Only these lines, please: the first one of the records through the one containing "Välkommen till vår", retyped exactly, both ends included and pictures omitted.

==== Provided records

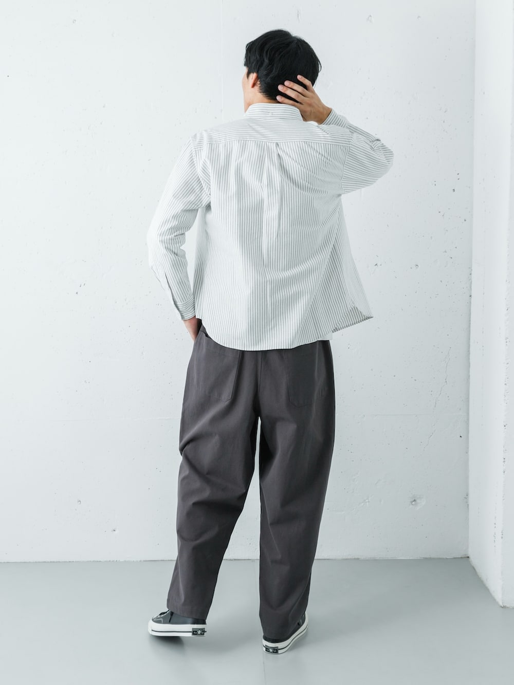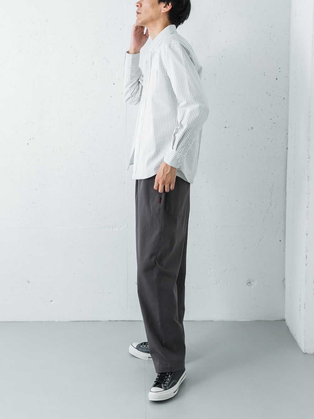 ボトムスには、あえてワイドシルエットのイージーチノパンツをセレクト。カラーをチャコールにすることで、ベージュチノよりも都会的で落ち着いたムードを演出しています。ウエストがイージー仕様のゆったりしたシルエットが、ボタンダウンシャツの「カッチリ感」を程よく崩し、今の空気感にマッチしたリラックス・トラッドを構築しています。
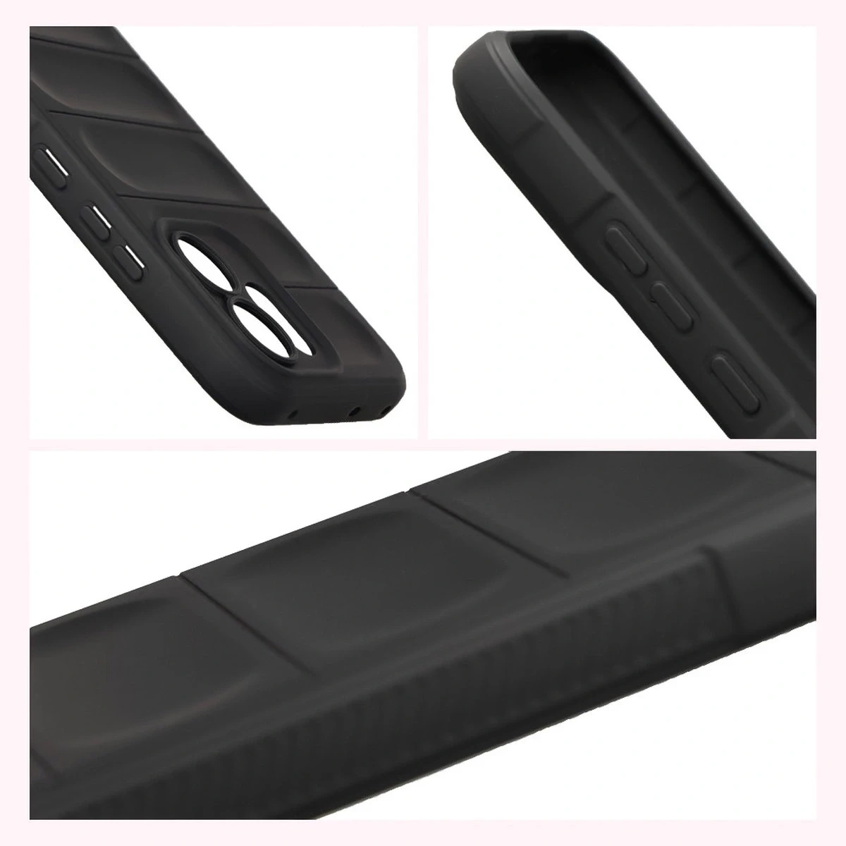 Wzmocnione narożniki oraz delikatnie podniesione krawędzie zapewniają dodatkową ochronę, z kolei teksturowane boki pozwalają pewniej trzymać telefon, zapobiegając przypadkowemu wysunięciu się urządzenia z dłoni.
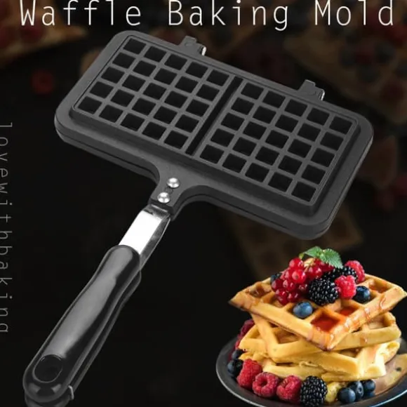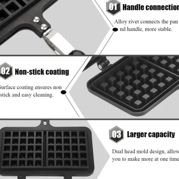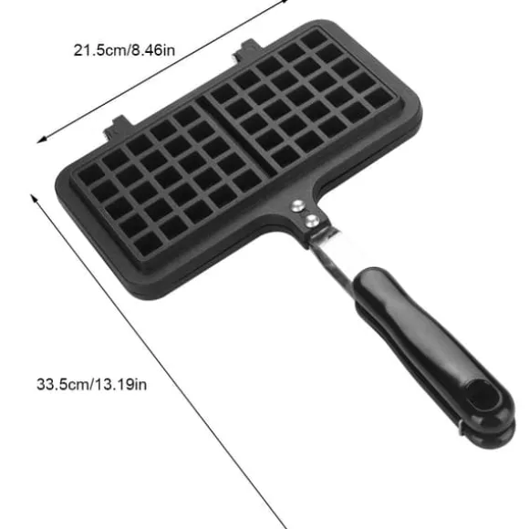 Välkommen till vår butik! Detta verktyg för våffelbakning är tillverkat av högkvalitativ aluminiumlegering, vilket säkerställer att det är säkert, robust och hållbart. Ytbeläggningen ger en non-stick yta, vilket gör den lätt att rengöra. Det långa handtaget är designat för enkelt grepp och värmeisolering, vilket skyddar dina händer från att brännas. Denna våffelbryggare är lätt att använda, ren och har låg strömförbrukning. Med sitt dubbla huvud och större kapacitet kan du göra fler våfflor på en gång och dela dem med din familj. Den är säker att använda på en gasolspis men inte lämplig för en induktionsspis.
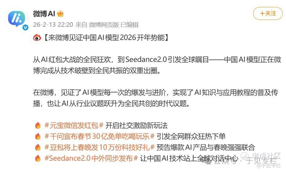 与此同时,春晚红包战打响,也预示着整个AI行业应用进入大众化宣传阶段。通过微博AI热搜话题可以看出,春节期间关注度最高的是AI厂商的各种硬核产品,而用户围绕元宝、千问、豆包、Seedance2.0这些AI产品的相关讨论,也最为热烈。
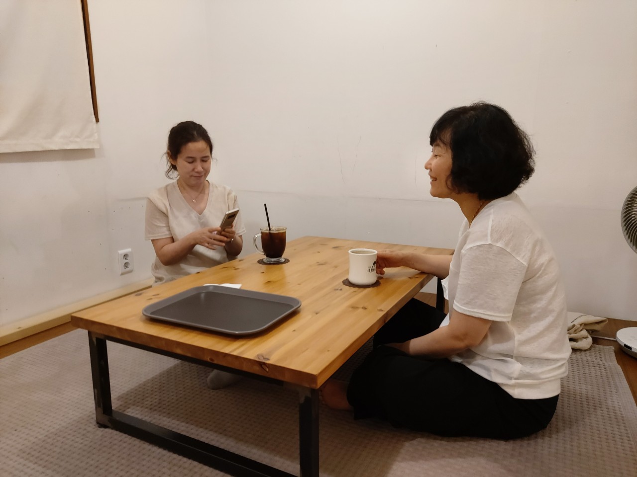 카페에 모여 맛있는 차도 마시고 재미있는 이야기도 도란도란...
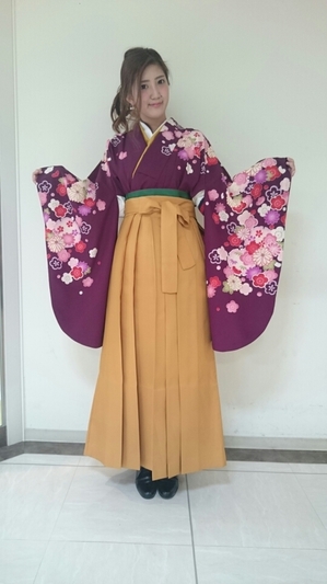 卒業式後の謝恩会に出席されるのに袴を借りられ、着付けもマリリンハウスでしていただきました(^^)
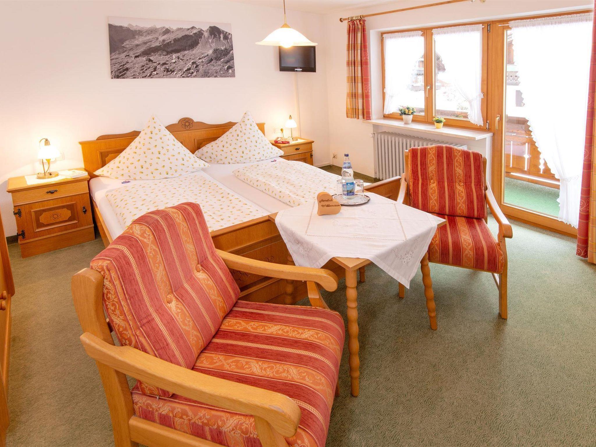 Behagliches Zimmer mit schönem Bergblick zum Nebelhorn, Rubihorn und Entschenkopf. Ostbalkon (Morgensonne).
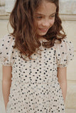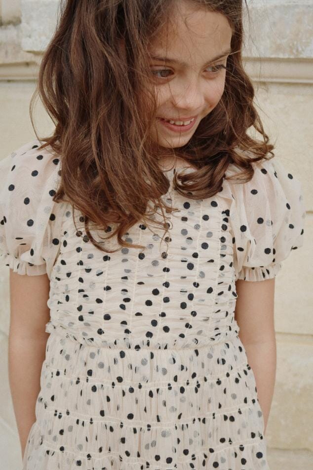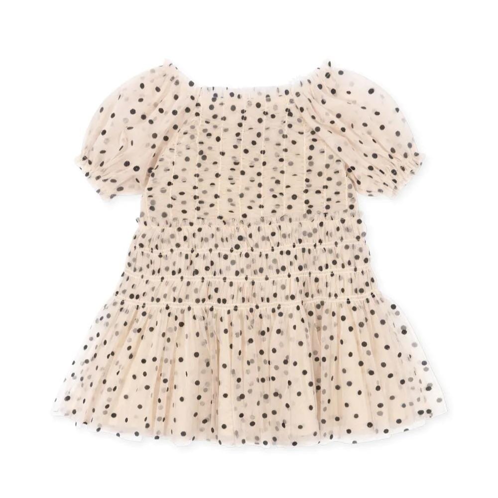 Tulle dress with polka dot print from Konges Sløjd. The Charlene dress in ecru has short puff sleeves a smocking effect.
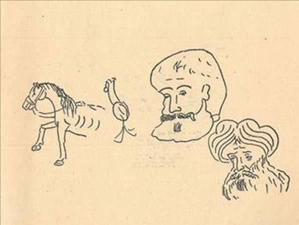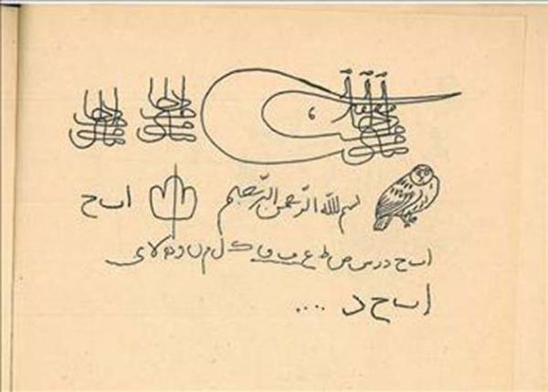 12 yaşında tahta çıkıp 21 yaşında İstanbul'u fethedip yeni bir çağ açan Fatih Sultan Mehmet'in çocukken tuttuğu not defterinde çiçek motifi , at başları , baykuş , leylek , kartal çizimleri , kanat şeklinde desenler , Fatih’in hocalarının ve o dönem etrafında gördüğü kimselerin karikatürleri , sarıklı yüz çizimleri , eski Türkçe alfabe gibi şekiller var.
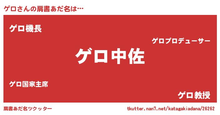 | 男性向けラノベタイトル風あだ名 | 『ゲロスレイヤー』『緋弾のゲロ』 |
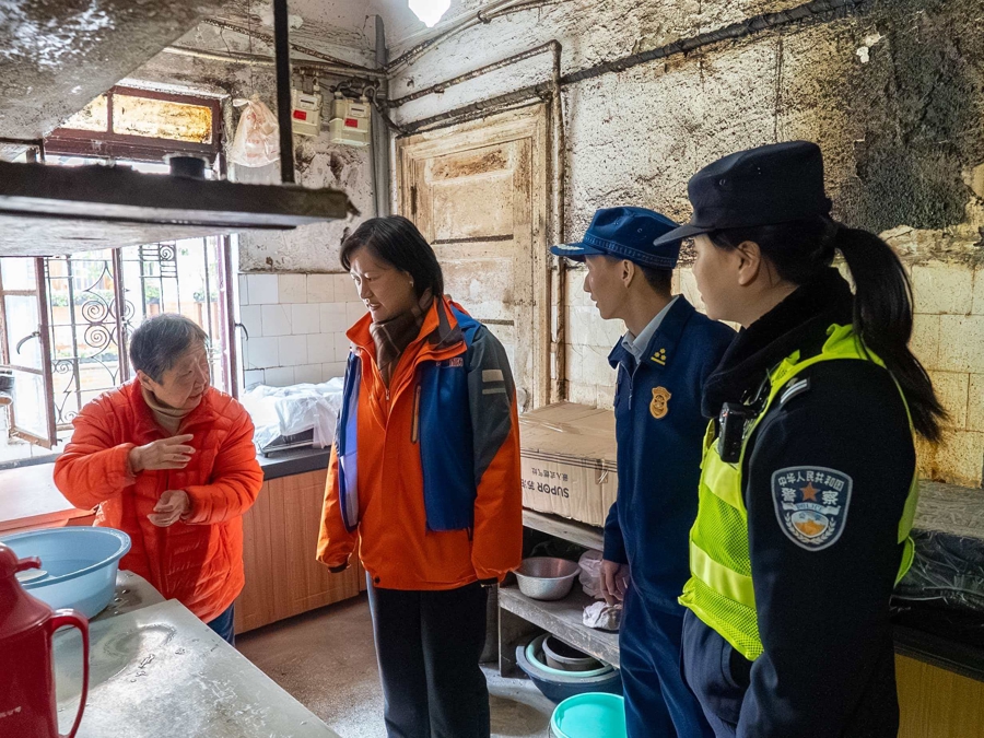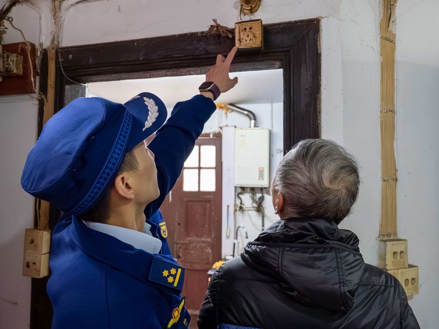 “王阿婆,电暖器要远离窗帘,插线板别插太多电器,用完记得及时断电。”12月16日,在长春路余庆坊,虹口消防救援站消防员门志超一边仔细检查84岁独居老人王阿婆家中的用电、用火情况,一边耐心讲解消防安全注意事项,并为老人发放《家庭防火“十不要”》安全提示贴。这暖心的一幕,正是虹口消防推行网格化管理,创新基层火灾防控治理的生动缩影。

========

> **Response to the task**:
 ボトムスには、あえてワイドシルエットのイージーチノパンツをセレクト。カラーをチャコールにすることで、ベージュチノよりも都会的で落ち着いたムードを演出しています。ウエストがイージー仕様のゆったりしたシルエットが、ボタンダウンシャツの「カッチリ感」を程よく崩し、今の空気感にマッチしたリラックス・トラッドを構築しています。
 Wzmocnione narożniki oraz delikatnie podniesione krawędzie zapewniają dodatkową ochronę, z kolei teksturowane boki pozwalają pewniej trzymać telefon, zapobiegając przypadkowemu wysunięciu się urządzenia z dłoni.
 Välkommen till vår butik! Detta verktyg för våffelbakning är tillverkat av högkvalitativ aluminiumlegering, vilket säkerställer att det är säkert, robust och hållbart. Ytbeläggningen ger en non-stick yta, vilket gör den lätt att rengöra. Det långa handtaget är designat för enkelt grepp och värmeisolering, vilket skyddar dina händer från att brännas. Denna våffelbryggare är lätt att använda, ren och har låg strömförbrukning. Med sitt dubbla huvud och större kapacitet kan du göra fler våfflor på en gång och dela dem med din familj. Den är säker att använda på en gasolspis men inte lämplig för en induktionsspis.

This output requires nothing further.